Supplied data:
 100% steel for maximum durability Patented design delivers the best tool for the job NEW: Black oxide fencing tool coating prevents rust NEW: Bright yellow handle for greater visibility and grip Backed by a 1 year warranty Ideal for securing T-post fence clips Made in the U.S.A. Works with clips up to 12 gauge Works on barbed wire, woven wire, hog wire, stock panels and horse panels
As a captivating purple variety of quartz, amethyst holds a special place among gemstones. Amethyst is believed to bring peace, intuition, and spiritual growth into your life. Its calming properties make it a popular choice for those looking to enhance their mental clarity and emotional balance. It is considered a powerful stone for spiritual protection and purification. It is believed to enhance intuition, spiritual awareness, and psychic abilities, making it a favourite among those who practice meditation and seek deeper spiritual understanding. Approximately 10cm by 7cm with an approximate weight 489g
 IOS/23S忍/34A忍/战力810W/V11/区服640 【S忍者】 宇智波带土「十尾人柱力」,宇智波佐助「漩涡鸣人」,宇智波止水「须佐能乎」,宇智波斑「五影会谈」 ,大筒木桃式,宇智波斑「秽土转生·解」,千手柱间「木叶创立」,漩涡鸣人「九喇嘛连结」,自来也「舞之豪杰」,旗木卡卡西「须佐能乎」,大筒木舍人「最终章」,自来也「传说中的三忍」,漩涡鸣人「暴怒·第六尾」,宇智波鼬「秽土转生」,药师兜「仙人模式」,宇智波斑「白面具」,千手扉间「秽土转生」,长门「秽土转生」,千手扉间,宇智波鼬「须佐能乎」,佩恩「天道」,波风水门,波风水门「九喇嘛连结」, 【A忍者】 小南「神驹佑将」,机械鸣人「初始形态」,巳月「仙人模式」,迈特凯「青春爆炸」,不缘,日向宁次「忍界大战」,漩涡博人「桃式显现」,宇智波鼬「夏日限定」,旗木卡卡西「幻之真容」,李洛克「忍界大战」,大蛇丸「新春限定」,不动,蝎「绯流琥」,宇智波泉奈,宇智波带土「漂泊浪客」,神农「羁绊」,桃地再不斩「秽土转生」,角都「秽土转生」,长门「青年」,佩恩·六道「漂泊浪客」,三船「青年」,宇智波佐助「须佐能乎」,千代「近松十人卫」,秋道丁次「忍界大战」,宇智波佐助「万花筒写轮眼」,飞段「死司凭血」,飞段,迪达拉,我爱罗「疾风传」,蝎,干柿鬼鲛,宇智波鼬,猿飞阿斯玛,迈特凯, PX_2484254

Exercise goal: Exact copies of the lines from the one holding "As a captivating" through the last line above, and only those, make up the answer.

Answer:
As a captivating purple variety of quartz, amethyst holds a special place among gemstones. Amethyst is believed to bring peace, intuition, and spiritual growth into your life. Its calming properties make it a popular choice for those looking to enhance their mental clarity and emotional balance. It is considered a powerful stone for spiritual protection and purification. It is believed to enhance intuition, spiritual awareness, and psychic abilities, making it a favourite among those who practice meditation and seek deeper spiritual understanding. Approximately 10cm by 7cm with an approximate weight 489g
 IOS/23S忍/34A忍/战力810W/V11/区服640 【S忍者】 宇智波带土「十尾人柱力」,宇智波佐助「漩涡鸣人」,宇智波止水「须佐能乎」,宇智波斑「五影会谈」 ,大筒木桃式,宇智波斑「秽土转生·解」,千手柱间「木叶创立」,漩涡鸣人「九喇嘛连结」,自来也「舞之豪杰」,旗木卡卡西「须佐能乎」,大筒木舍人「最终章」,自来也「传说中的三忍」,漩涡鸣人「暴怒·第六尾」,宇智波鼬「秽土转生」,药师兜「仙人模式」,宇智波斑「白面具」,千手扉间「秽土转生」,长门「秽土转生」,千手扉间,宇智波鼬「须佐能乎」,佩恩「天道」,波风水门,波风水门「九喇嘛连结」, 【A忍者】 小南「神驹佑将」,机械鸣人「初始形态」,巳月「仙人模式」,迈特凯「青春爆炸」,不缘,日向宁次「忍界大战」,漩涡博人「桃式显现」,宇智波鼬「夏日限定」,旗木卡卡西「幻之真容」,李洛克「忍界大战」,大蛇丸「新春限定」,不动,蝎「绯流琥」,宇智波泉奈,宇智波带土「漂泊浪客」,神农「羁绊」,桃地再不斩「秽土转生」,角都「秽土转生」,长门「青年」,佩恩·六道「漂泊浪客」,三船「青年」,宇智波佐助「须佐能乎」,千代「近松十人卫」,秋道丁次「忍界大战」,宇智波佐助「万花筒写轮眼」,飞段「死司凭血」,飞段,迪达拉,我爱罗「疾风传」,蝎,干柿鬼鲛,宇智波鼬,猿飞阿斯玛,迈特凯, PX_2484254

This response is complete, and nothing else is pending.